Work instructions: Your answer must be the full listing below, restated word for word, with no pictures in it.

Supplied data:
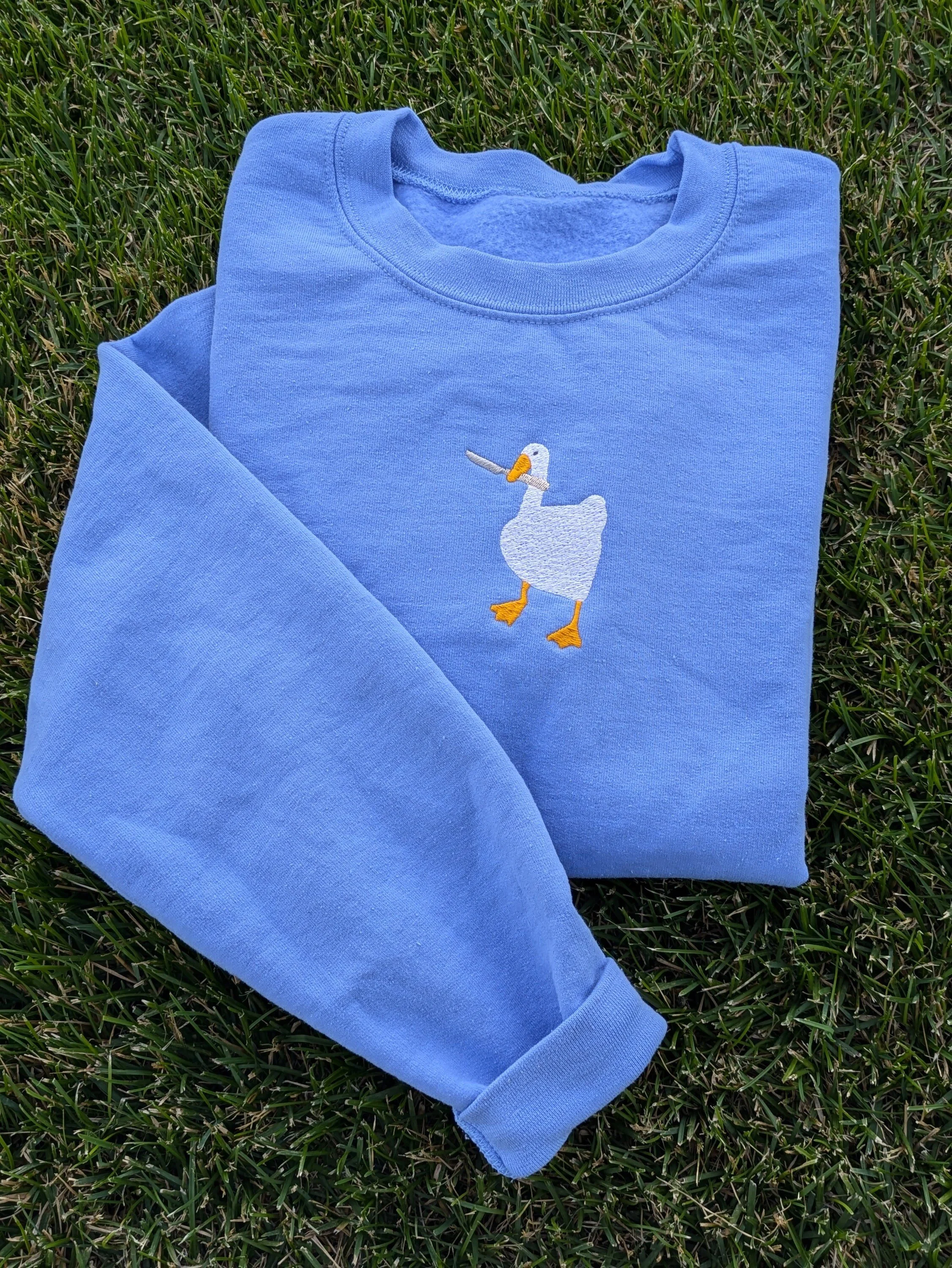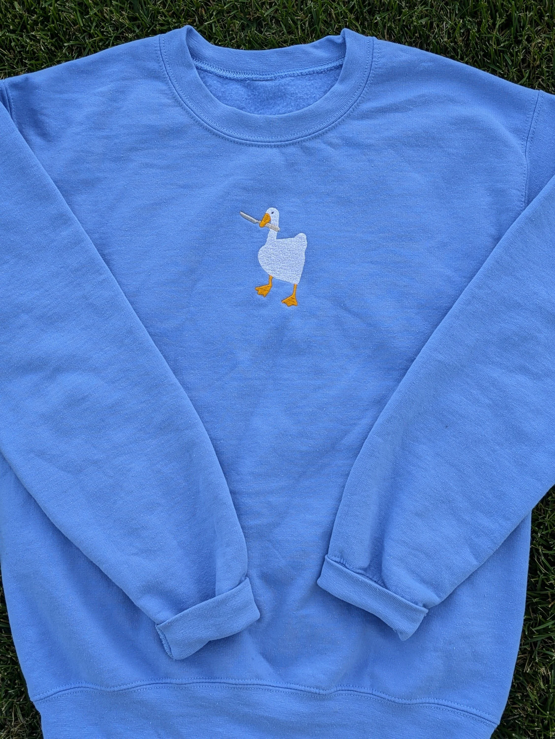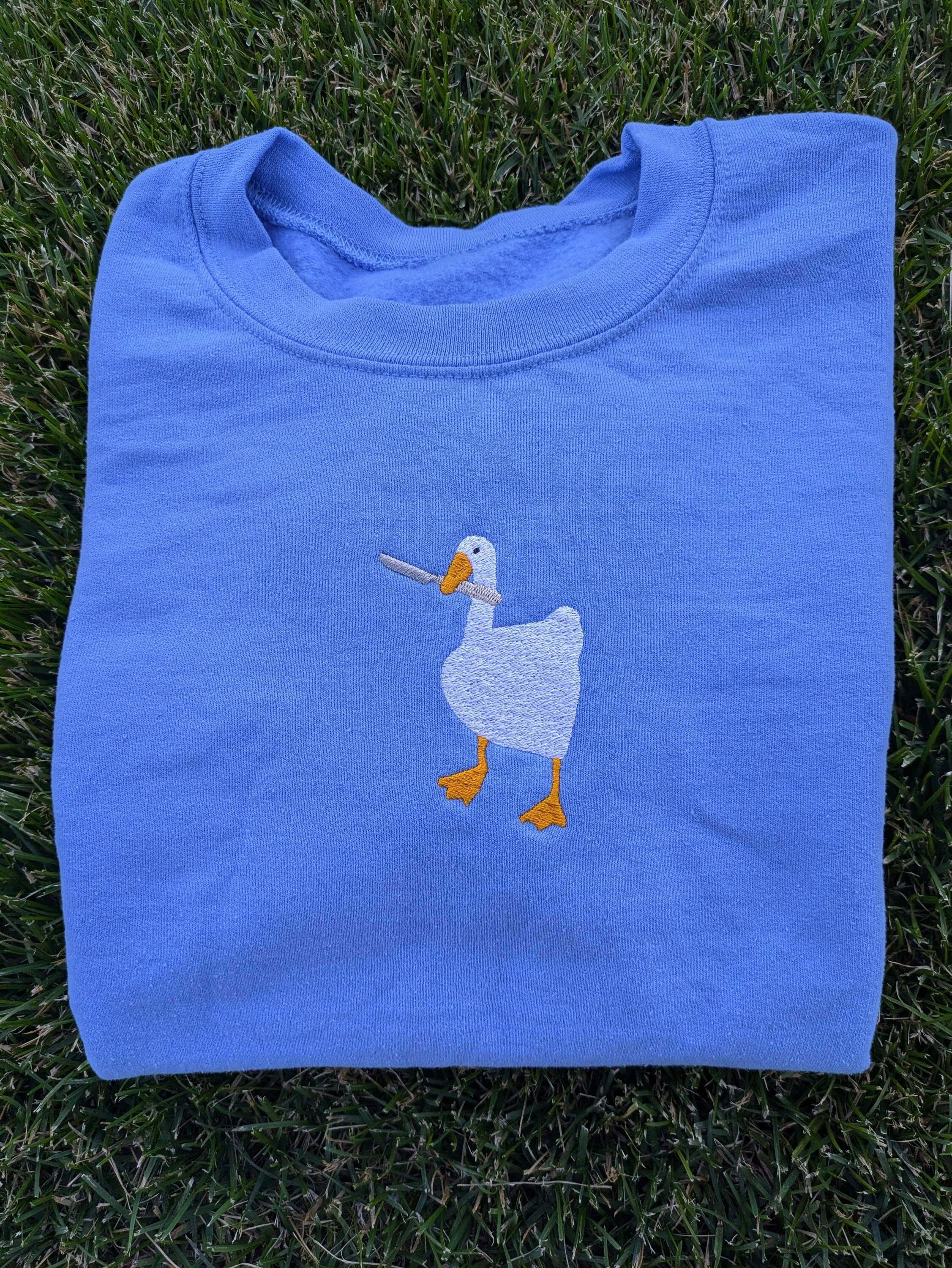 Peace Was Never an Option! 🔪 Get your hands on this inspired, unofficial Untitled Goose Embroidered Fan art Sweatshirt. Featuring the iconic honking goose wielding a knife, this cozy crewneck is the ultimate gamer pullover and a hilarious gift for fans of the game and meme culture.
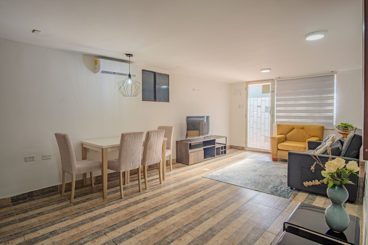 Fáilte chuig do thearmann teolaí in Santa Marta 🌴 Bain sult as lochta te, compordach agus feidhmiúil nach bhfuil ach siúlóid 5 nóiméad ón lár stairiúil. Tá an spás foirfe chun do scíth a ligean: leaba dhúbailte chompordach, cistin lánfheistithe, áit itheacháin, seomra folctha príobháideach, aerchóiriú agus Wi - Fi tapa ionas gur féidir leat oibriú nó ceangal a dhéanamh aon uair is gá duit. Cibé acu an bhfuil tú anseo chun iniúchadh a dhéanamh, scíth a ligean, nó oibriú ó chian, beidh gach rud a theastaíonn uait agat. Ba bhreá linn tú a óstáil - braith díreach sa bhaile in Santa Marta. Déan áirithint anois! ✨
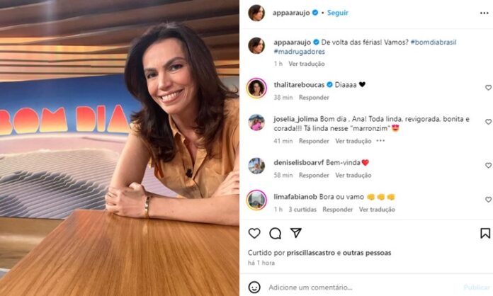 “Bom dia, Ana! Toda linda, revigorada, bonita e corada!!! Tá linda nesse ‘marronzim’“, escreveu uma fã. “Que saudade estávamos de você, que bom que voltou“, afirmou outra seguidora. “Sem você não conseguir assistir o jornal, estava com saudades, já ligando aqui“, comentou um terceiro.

Task response:
 Peace Was Never an Option! 🔪 Get your hands on this inspired, unofficial Untitled Goose Embroidered Fan art Sweatshirt. Featuring the iconic honking goose wielding a knife, this cozy crewneck is the ultimate gamer pullover and a hilarious gift for fans of the game and meme culture.
 Fáilte chuig do thearmann teolaí in Santa Marta 🌴 Bain sult as lochta te, compordach agus feidhmiúil nach bhfuil ach siúlóid 5 nóiméad ón lár stairiúil. Tá an spás foirfe chun do scíth a ligean: leaba dhúbailte chompordach, cistin lánfheistithe, áit itheacháin, seomra folctha príobháideach, aerchóiriú agus Wi - Fi tapa ionas gur féidir leat oibriú nó ceangal a dhéanamh aon uair is gá duit. Cibé acu an bhfuil tú anseo chun iniúchadh a dhéanamh, scíth a ligean, nó oibriú ó chian, beidh gach rud a theastaíonn uait agat. Ba bhreá linn tú a óstáil - braith díreach sa bhaile in Santa Marta. Déan áirithint anois! ✨
 “Bom dia, Ana! Toda linda, revigorada, bonita e corada!!! Tá linda nesse ‘marronzim’“, escreveu uma fã. “Que saudade estávamos de você, que bom que voltou“, afirmou outra seguidora. “Sem você não conseguir assistir o jornal, estava com saudades, já ligando aqui“, comentou um terceiro.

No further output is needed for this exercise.